We show two simple controllers that are useful for testing and tuning. The FixedController always returns the same output. The SequenceController takes in a sequence of controllers and switches between them based on the input time. More sophisticated controllers (described in a later section) can leverage other properties of the input state such as position and velocity.

Simulation

Given the Balloon and Controller, we can run the simulation using a simple loop that is shown below. For most of our experiments, we set the time step to one second and the total time to two hours. This is similar to the real flight time of a hot air balloon, allows enough time to observe the behavior of different controllers, and can be fully simulated in just a few seconds.

def simulate(
    balloon: Balloon,
    controller: Controller,
    time_step: float,
    total_time: float,
) -> Monitor:
    monitor = Monitor()
    monitor.update(balloon)

    start_time = balloon.get_time()
    num_steps = int(math.ceil((total_time - start_time) / time_step))

    for _ in range(num_steps):
        controller_input = get_controller_input(balloon)
        controller_output = controller(controller_input)
        apply_controller_output(balloon, controller_output)
        balloon.step(time_step)
        monitor.update(balloon)

    return monitor

The simulation updates and returns a Monitor instance. This is used to track the internal state of the balloon over time and has methods for data interpolation, plotting, and animation. As an example, we show the path of the reference simulation6 under a random wind field with horizontal magnitude up to 10 m/s in the diagram below.

Moving Vertically

Before we can take full advantage of the wind field, we first need to develop a controller that can move the balloon to a target vertical position. To be somewhat realistic, we put a 4 m/s cap7 on the maximum ascent and descent speeds even though the balloon can theoretically reach higher vertical speeds.

Controller

It turns out that PID controllers work surprisingly well for this use case even without any linearization. However, we cannot directly use a single PID controller with the setpoint as the desired vertical position because there would be no way to control the maximum velocity. Instead, we use a cascade of two PID controllers. The first controller targets a constant vertical position, and its output is used as the setpoint for the second controller that targets a constant vertical velocity.

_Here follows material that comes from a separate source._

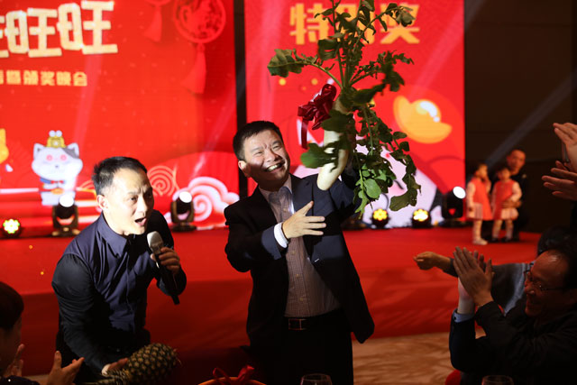 ? ? ? ? 本場晚會大的亮點是“特殊獎”頒獎環(huán)節(jié),由恒興集團孔宇峰董事、副總裁親自主持,感謝柯董這一年來辛勤工作、睿智決策,帶領恒興集團一步一步走向輝煌??卓傇诂F(xiàn)場為柯董送上“菜頭”和“菠蘿”,寓意恒興集團及柯董一家新年好彩頭和好運旺旺來。隨后,柯董抽取幸運大抽獎的獎項——5800現(xiàn)金大獎花落投資部的莊巧玲的手中??绿殖伺d抽出總額達十萬港幣的獎項,將晚會推上了一波新高潮。本晚會的中獎率達80%,幾乎人人有獎,各個喜笑顏開。

We discretize the output of the vertical position PID controller to 0.1 m/s since more fine-grained control is likely not realistic. The vertical velocity PID controller needs to output the positions for both the fuel and vent valves. Although it is possible for both to be non-zero at the same time, we use a single output where negative values are vent and positive values are fuel (i.e., vent and fuel are mutually exclusive). We also discretize the vent valve positions to 1%.

Tuning

Both the vertical velocity and vertical position PID controllers need to be tuned in that order. Instead of manually trying gain values, we apply bayesian optimization8 to find the approximate best parameters. For both PID controllers, we use the negative mean absolute error as the objective function since it is simple and penalizes time away from the target sequence. More complex objectives can be used if we want to strictly prohibit overshooting at the cost of slower convergence.

controller = SequenceController(
    (0.0, VerticalPositionController(1000.0, k_p, k_i, k_d)),
    (1500.0, VerticalPositionController(500.0, k_p, k_i, k_d)),
    (3000.0, VerticalPositionController(750.0, k_p, k_i, k_d)),
    (4500.0, VerticalPositionController(250.0, k_p, k_i, k_d)),
)

The target sequence used to tune the vertical position PID controller is shown above. The construction is fairly arbitrary, but it allows the balloon to ascend and descend at varying altitudes. When using bayesian optimization, we consider P-only, I-only, D-only, PI, PD, and PID gain configurations since zero values on the boundaries are hard for the optimizer to explore by itself. We get fairly good results after only around 100 iterations.

Results

After tuning, we find that vertical velocity uses a full PID controller with a large derivative gain, while vertical position uses a P-only controller. This makes sense because the balloon is a high-inertia system. Envelope temperature changes slowly in response to fuel and vent valve positions, and the balloon also has a lot of momentum due to its mass.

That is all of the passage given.